Desde siempre, la literatura ha sabido explotar de diversas formas el espacio de una comunidad pequeña como escenario de la acción. La ciudad chica, el poblado, la aldea, la villa, el enclave balneario, el barrio de las latas, el villorrio, el rancherío, etcétera. Muchas historias que leímos y leemos transcurren en ambientes de población reducida, circunscriptos a límites geográficos precisos y cercanos y, muchas veces, alrededor de un elemento que actúa como eje, núcleo o vaso comunicante: una fábrica, una iglesia, un monumento, un río, una casa. En esos ambientes en los que todos se conocen, donde el anonimato se diluye en un magma colectivo y en el que las circunstancias personales están siempre atravesadas por las circunstancias públicas, suelen gestarse buenas historias. La que se cuenta en la novela Cosas pequeñas como esas, de la escritora irlandesa Claire Keegan (1968), es una de ellas.

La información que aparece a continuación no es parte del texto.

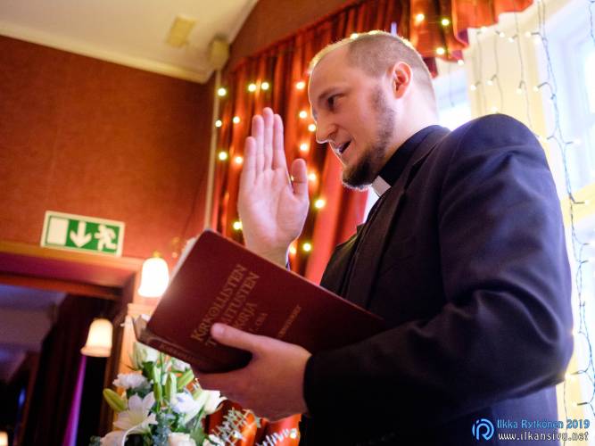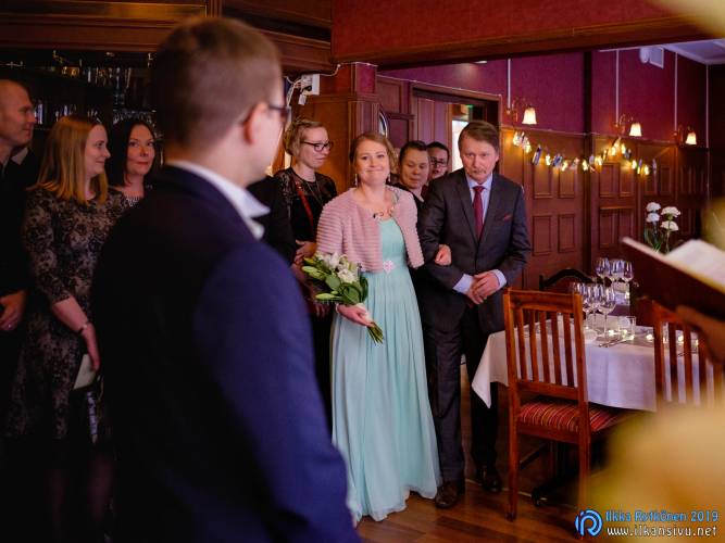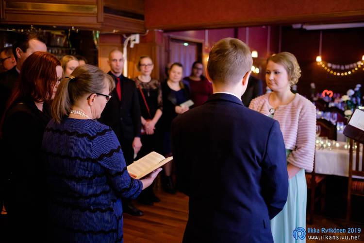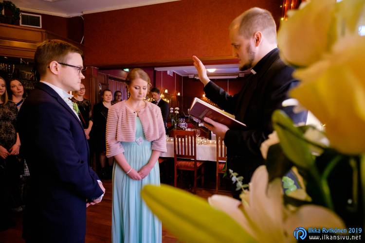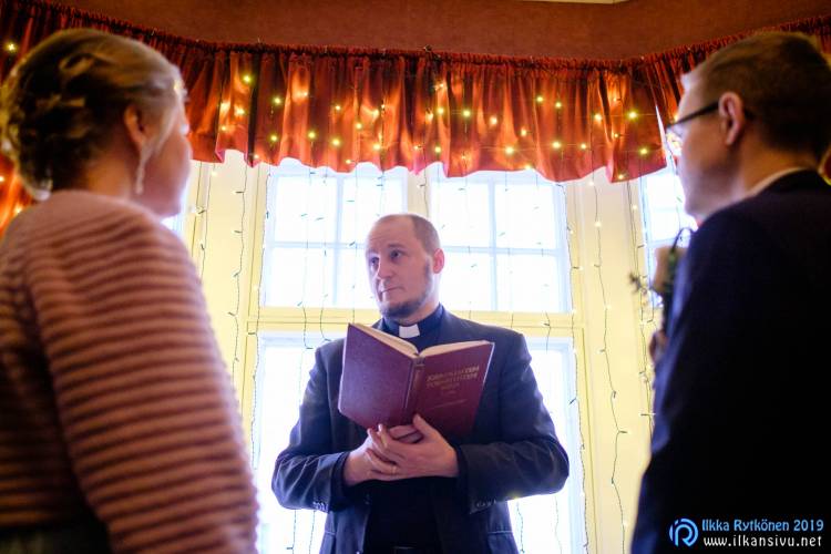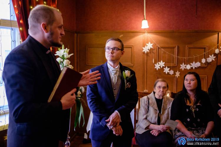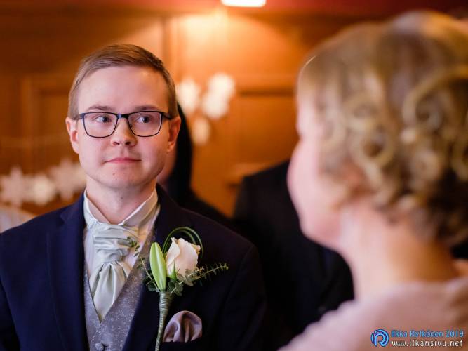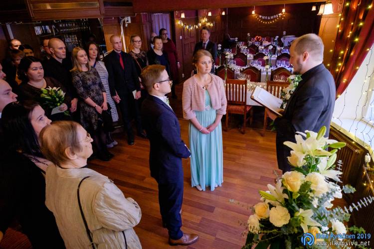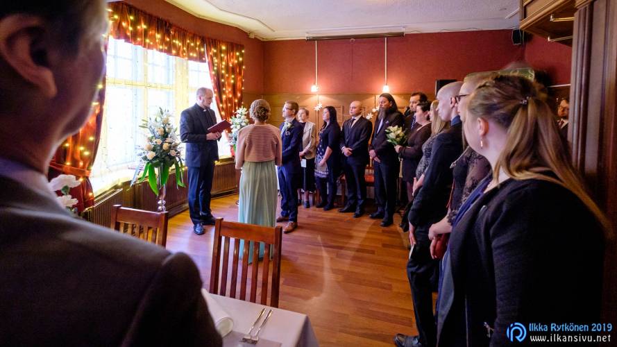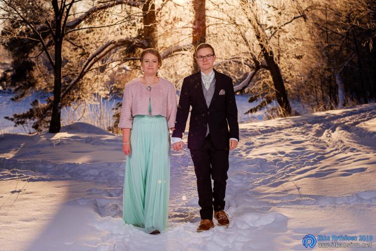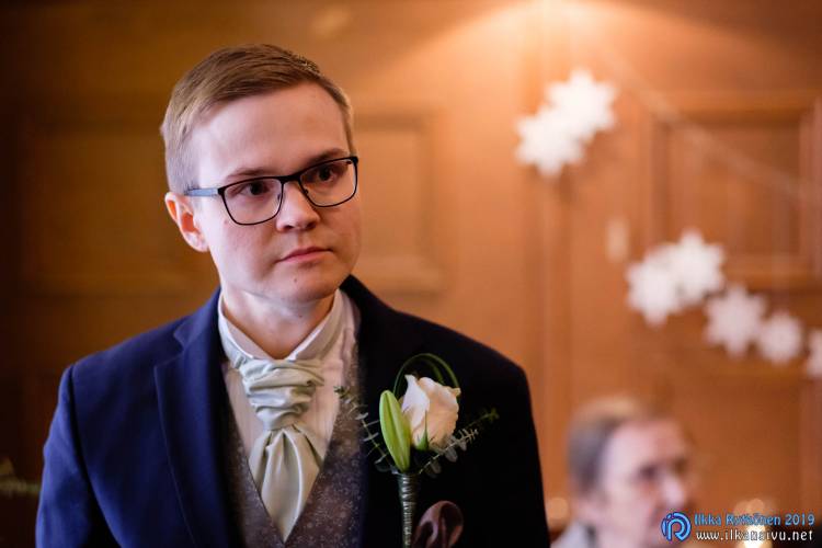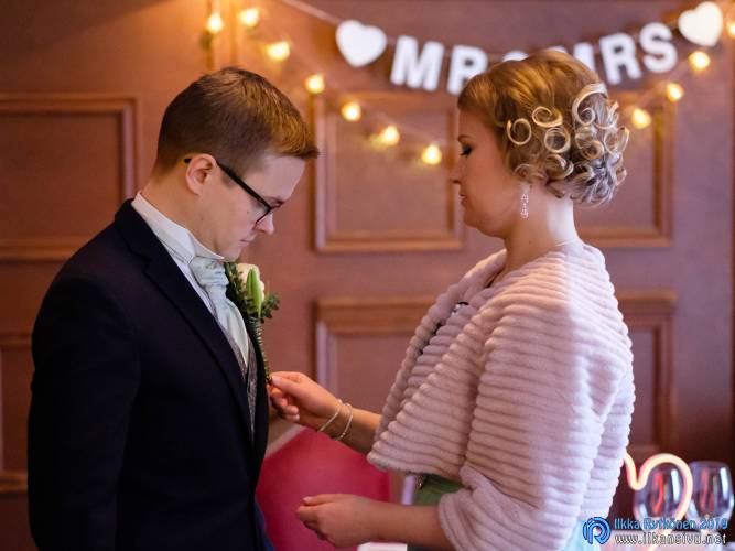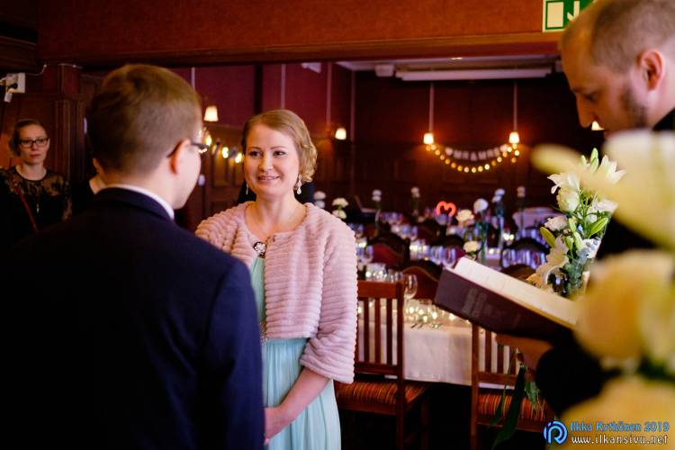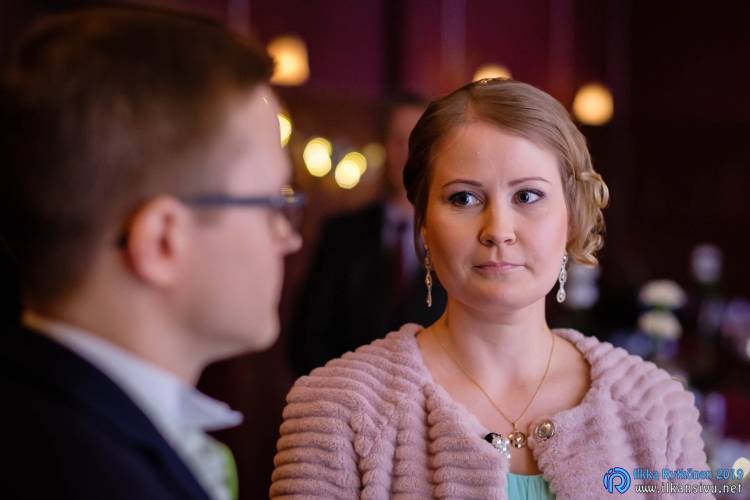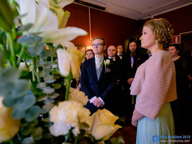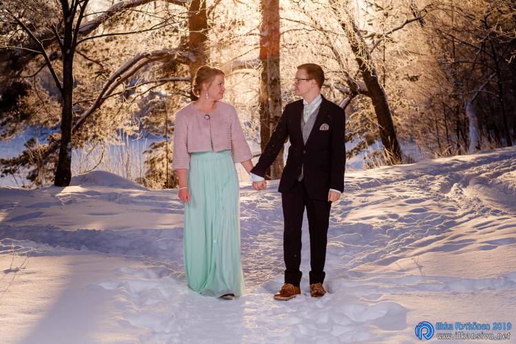 January might be challenging for wedding photo shoot on location. Temperature was -17 °C so I had to negotiate a bit with Salla and Vesa to get them outside. Light was incredibly beautiful, and I wanted to get at least couple of the shots outside. It was good decision, and we got the shots that was expected. There was not needed to take any more shots after this 20 minute session. Wedding ceremony was held in Restaurant Kummisetä.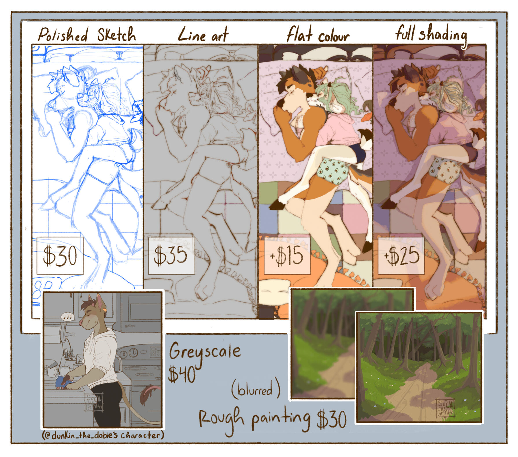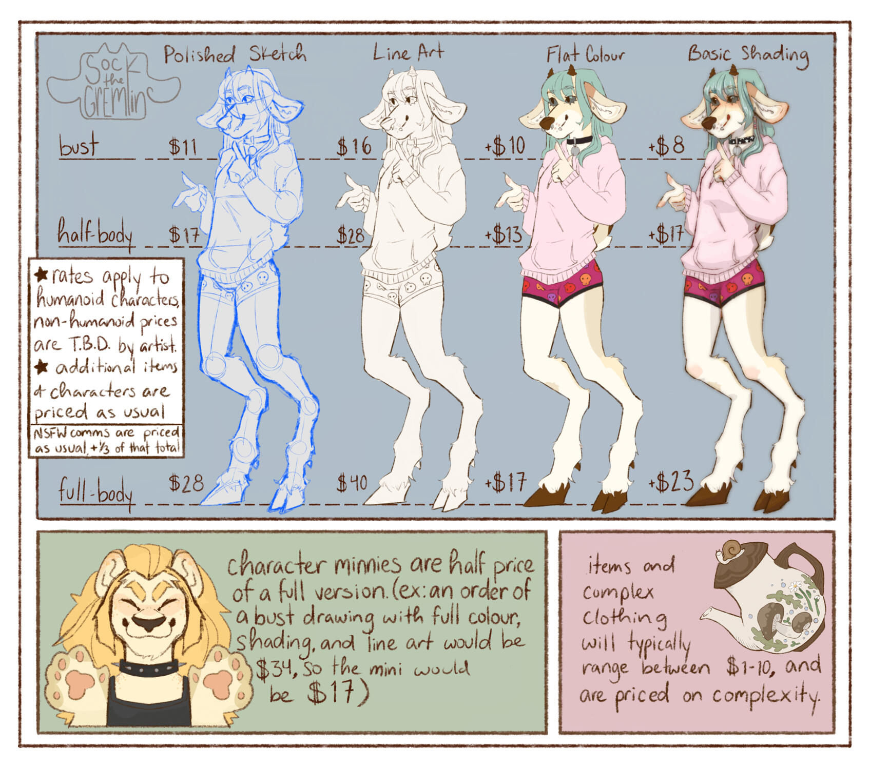 As my commissions are taken via kofi, all prices displayed there. The link to my kofi may be located on the home page of my card. :-)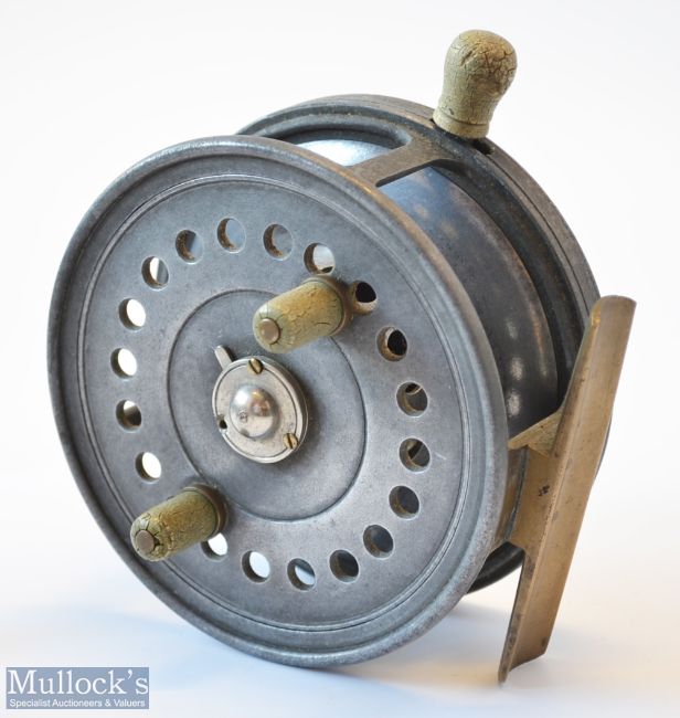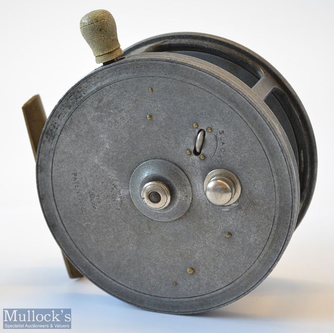 Scarce Reuben Heaton The ‘Bute’ Patent 4.5” Alloy Silex style casting reel – stamped A & W McCarthy Dunedin and Invercargill to the back plate and Patent No 35014, silent check, rim brake and drag controls to back plate, good smooth brass foot – twin crazed ivorine handles ( some very light gnawing), 3x screw drum release latch – one screw missing - runs freely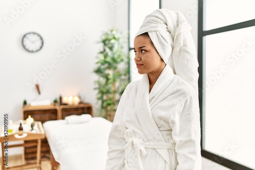Young brunette woman wearing towel and bathrobe standing at beauty center looking to side, relax profile pose with natural face with confident smile.
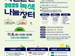 인천광역시는 인천시민의 탄소중립 실천과 나눔 문화 확산을 위한 대표 시민참여형 축제인 ‘2025 자원순환 녹색 나눔장터’가 11월 8일 인천애(愛)뜰 광장에서 폐장식을 겸한 3회차 행사를 끝으로 올해 일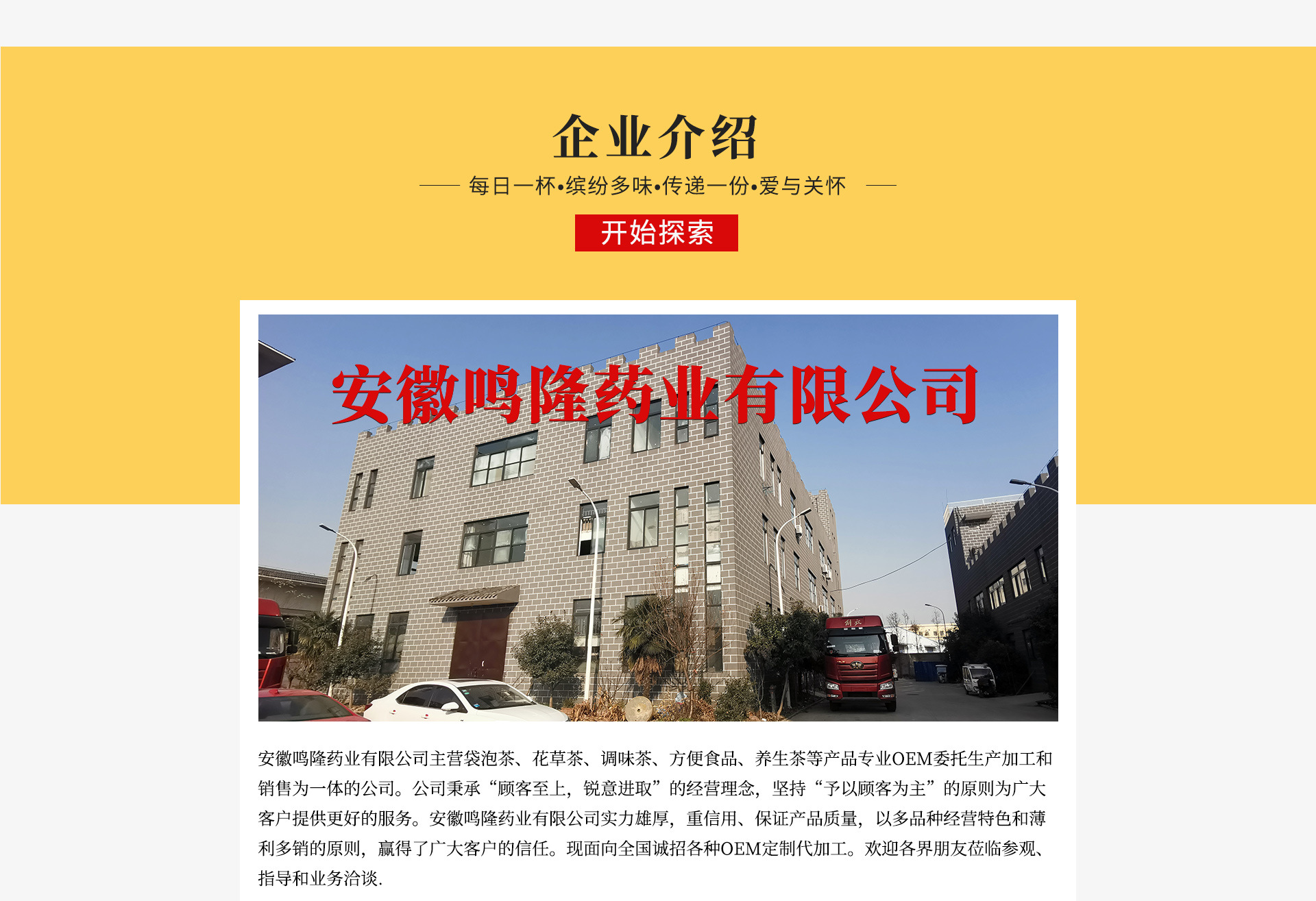 本公司主營、花草茶、調(diào)味茶、方便食品、養(yǎng)生膏滋、三角包等產(chǎn)品。專業(yè)OEM委托生產(chǎn)加工和銷售為一體的公司。公司秉承“顧客至上,銳意進取”的經(jīng)營理念,堅持“客戶為先”的原則為廣大客戶提供服務(wù)。本公司實力雄厚,重信用、保證產(chǎn)品質(zhì)量,以多品種經(jīng)營特色和薄利多銷的。贏得了廣大客戶的信任?,F(xiàn)面向各地誠招各種OEM定制代加工。歡迎各界朋友蒞臨參觀、指導和業(yè)務(wù)洽談。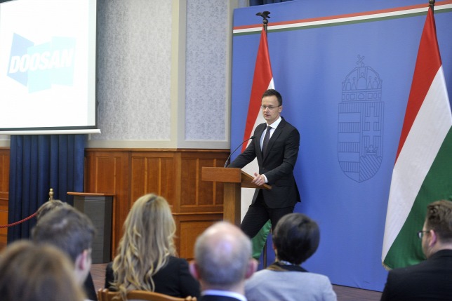Európában egyedülálló gyárat épít egy autóipari multi Magyarországon – jelentette be Szijjártó Péter külgazdasági és külügyminiszter. Közölte, a dél-koreai Doosan 4,7 milliárd forintos vissza nem térítendő kormányzati támogatással 32 milliárd forintos autóipari beruházást telepít Tatabányára. A Doosan új üzeme Európában egyedüliként fog rézfóliát gyártani elektromos autók akkumulátoraihoz. Az építkezés még idén elkezdődik, és várhatóan 2019 második felében ér véget, a gyár 181 munkavállalót foglalkozat majd.

Los lectores que hayan seguido cada aparición de un nuevo libro de Keegan en nuestro idioma –Recorre los campos azules (2008), Antártida (2009) y Tres luces (2010), publicados todos por la editorial Eterna Cadencia, en traducciones de Jorge Fondebrider– conocerán las particularidades de su personalísimo estilo: una sencillez morosa y perturbadora en la escritura, una progresión tradicional de los hechos que se vale de un sutil empleo de la elipsis y de revelaciones presentadas como al pasar, la recurrencia a ciertos episodios de la historia de Irlanda y una envidiable capacidad para construir situaciones o introducir personajes con muy pocos trazos. Todo eso está presente y muy bien destilado en las poco menos de 90 páginas de Cosas pequeñas como esas, la nouvelle con la que la autora volvió a la escritura luego de 11 años de silencio en los que se dedicó a enseñar en la Universidad de Trinity, en Dublín, y a revisar las diferentes traducciones de sus libros.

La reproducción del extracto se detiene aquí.